══ SOURCE MATERIAL ══
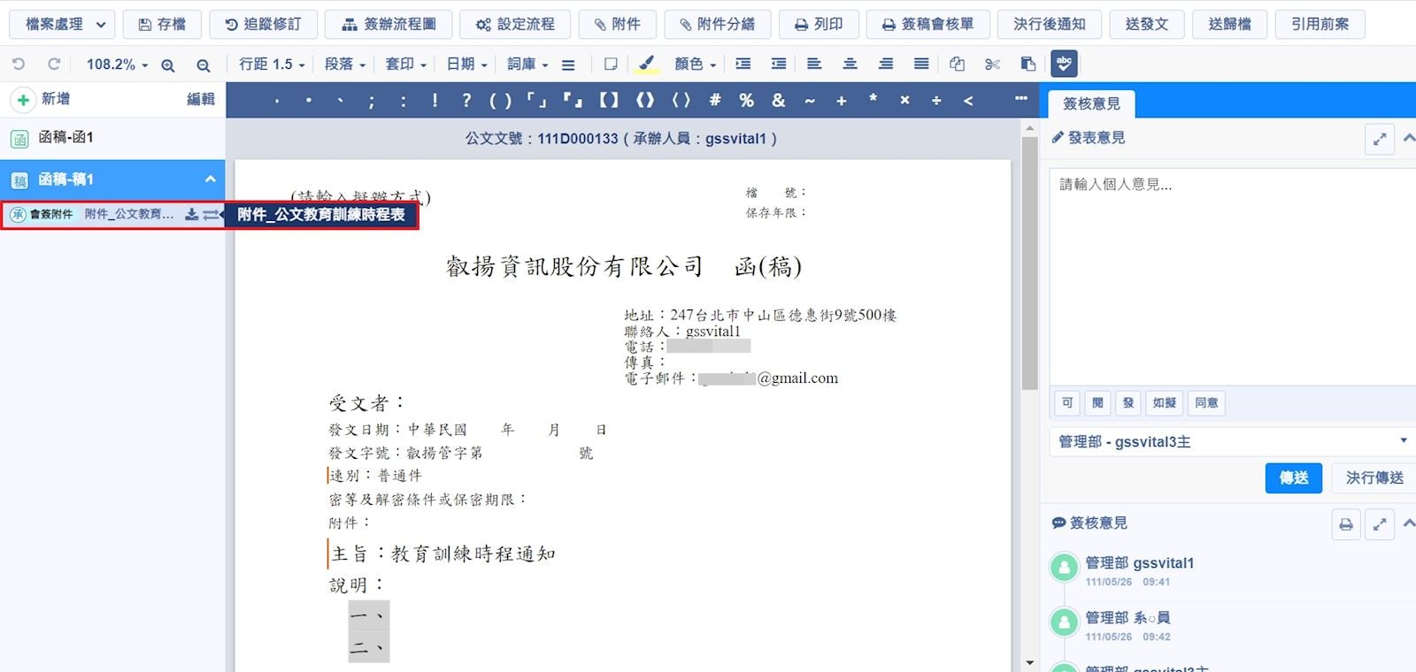 2. 只有「函附件」會跟著公文發出去,會簽附件並不會。(稿附件在公文稿轉文後會變成函附件)
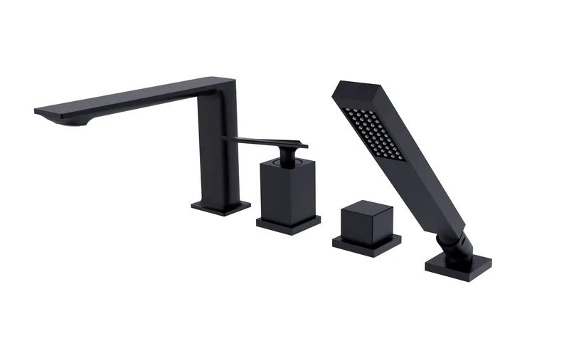 Moderná 4-otvorová vaňová batéria Besco Aspira v čiernom matnom prevedení je elegantným riešením pre štýlové kúpeľne. Ponúka montáž na okraj vane a kompletnú výbavu vrátane výtokového ramienka, ručnej sprchy s hadicou, držiaka a prepínača vaňa/sprcha. Vyznačuje sa kvalitným mosadzným telom, keramickou kartušou pre plynulé ovládanie a moderným dizajnom s dôrazom na minimalizmus a funkčnosť.
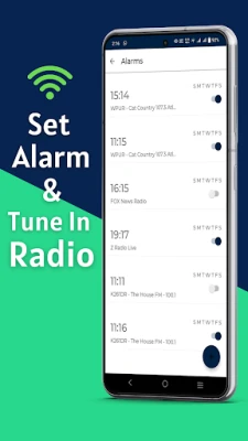 * Set Alarm for radio station and tunein radio on time.
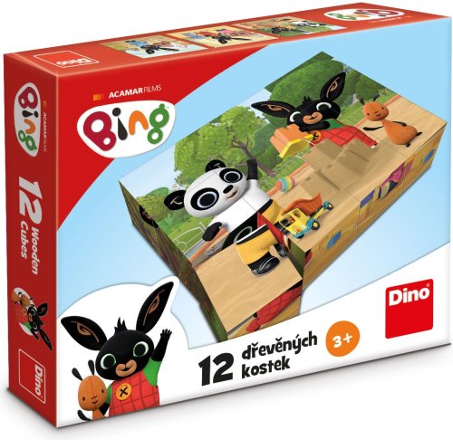 Detské drevené kocky, z ktorých je možné zostaviť 6 rôznych obrázkov. Balenie obsahuje 12 kociek. Vek: 3+
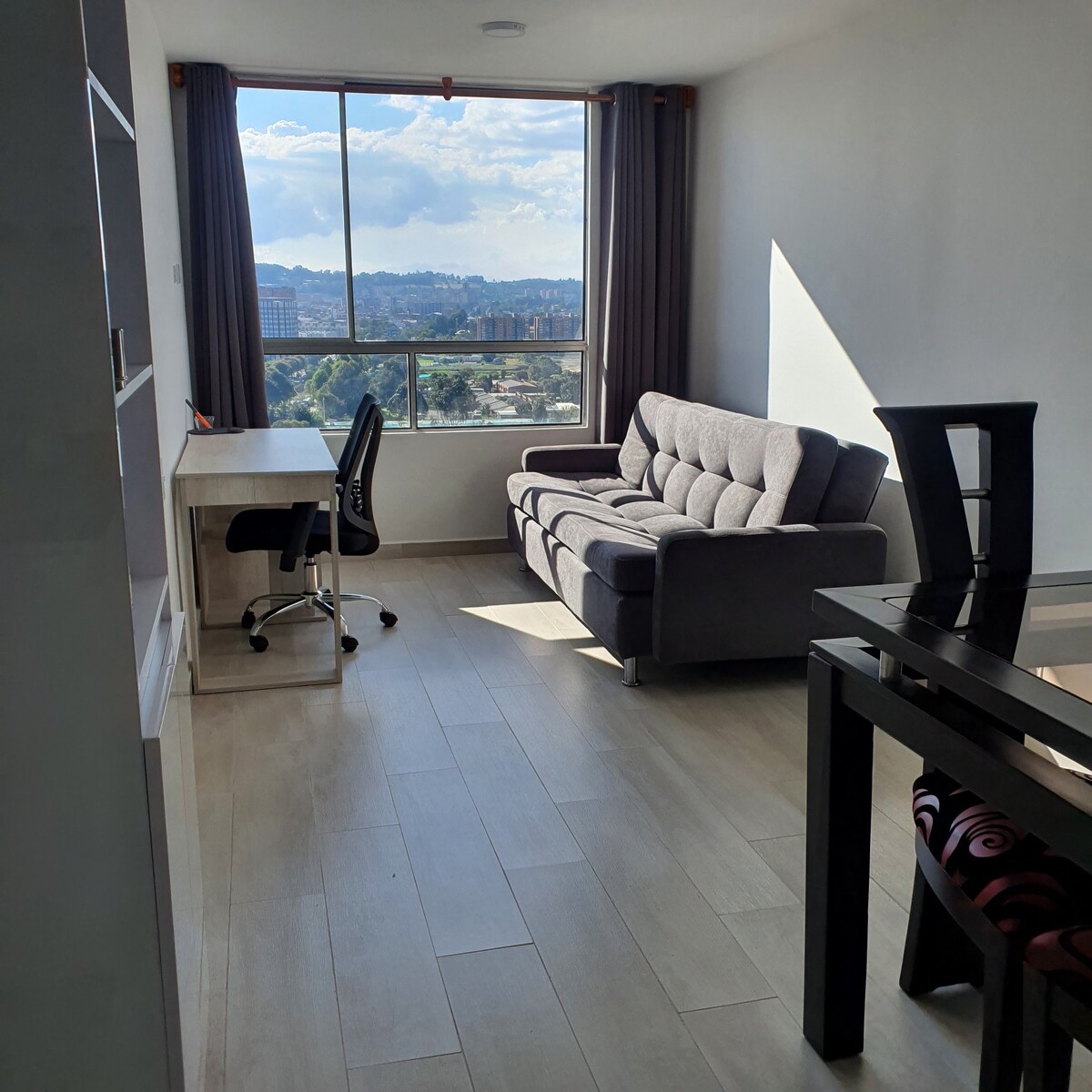 Excelente para contemplar el paisaje. El apartamento se encuentra ubicado en frente de la Alcaldía Municipal y a pocos pasos del Parque Principal, a dos cuadras de la zona más representativa de restaurantes y bares de Zipaquirá. Está ubicado en el tercer piso con una vista privilegiada hacia los cerros. Consta de una confortable habitación de una cama doble con baño privado, una amplia cocina, TV pantalla plana, televisión local por cable y Wi-Fi de alta velocidad.
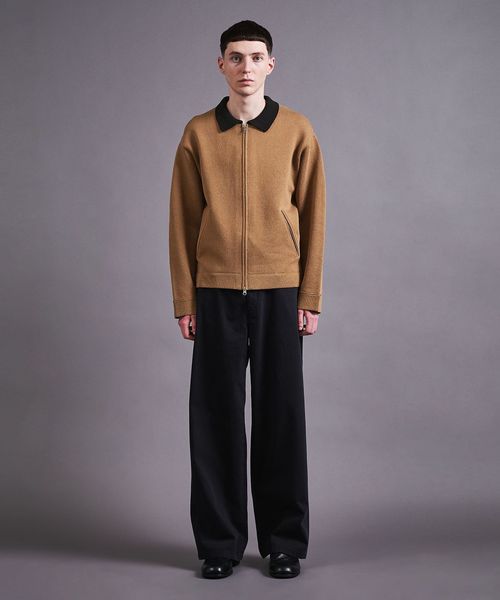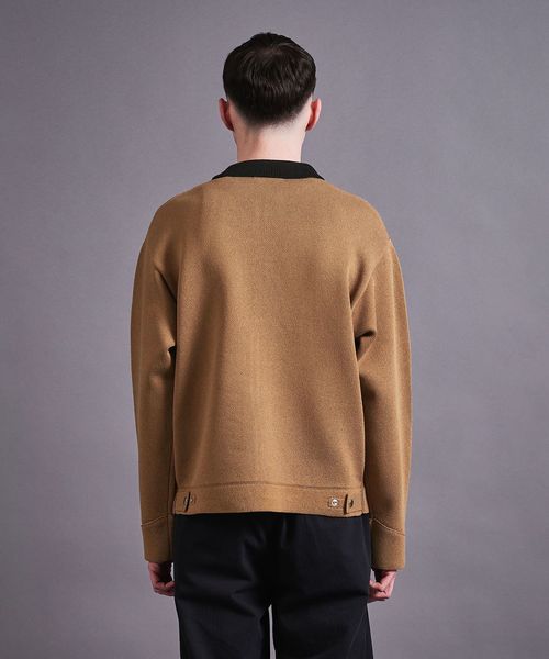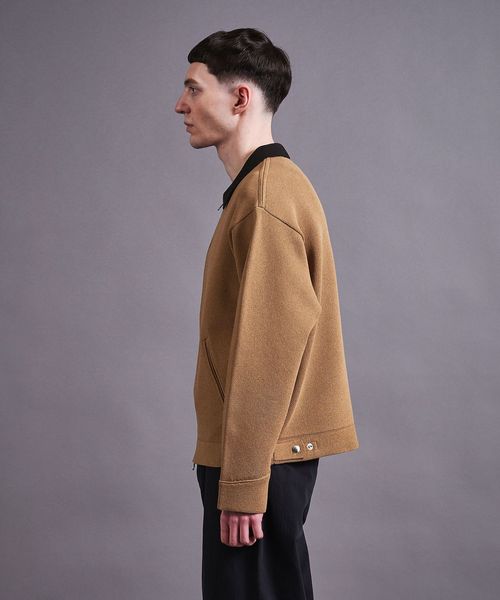 ワークウェアをニット生地で作製することで、きれい目なアウターとして仕上げたアイテムです。
═══
## WORK TO COMPLETE
All of the entries above are to be duplicated exactly, with every image left out.

## SOLUTION TO THIS TASK
 2. 只有「函附件」會跟著公文發出去,會簽附件並不會。(稿附件在公文稿轉文後會變成函附件)
 Moderná 4-otvorová vaňová batéria Besco Aspira v čiernom matnom prevedení je elegantným riešením pre štýlové kúpeľne. Ponúka montáž na okraj vane a kompletnú výbavu vrátane výtokového ramienka, ručnej sprchy s hadicou, držiaka a prepínača vaňa/sprcha. Vyznačuje sa kvalitným mosadzným telom, keramickou kartušou pre plynulé ovládanie a moderným dizajnom s dôrazom na minimalizmus a funkčnosť.
 * Set Alarm for radio station and tunein radio on time.
 Detské drevené kocky, z ktorých je možné zostaviť 6 rôznych obrázkov. Balenie obsahuje 12 kociek. Vek: 3+
 Excelente para contemplar el paisaje. El apartamento se encuentra ubicado en frente de la Alcaldía Municipal y a pocos pasos del Parque Principal, a dos cuadras de la zona más representativa de restaurantes y bares de Zipaquirá. Está ubicado en el tercer piso con una vista privilegiada hacia los cerros. Consta de una confortable habitación de una cama doble con baño privado, una amplia cocina, TV pantalla plana, televisión local por cable y Wi-Fi de alta velocidad.
 ワークウェアをニット生地で作製することで、きれい目なアウターとして仕上げたアイテムです。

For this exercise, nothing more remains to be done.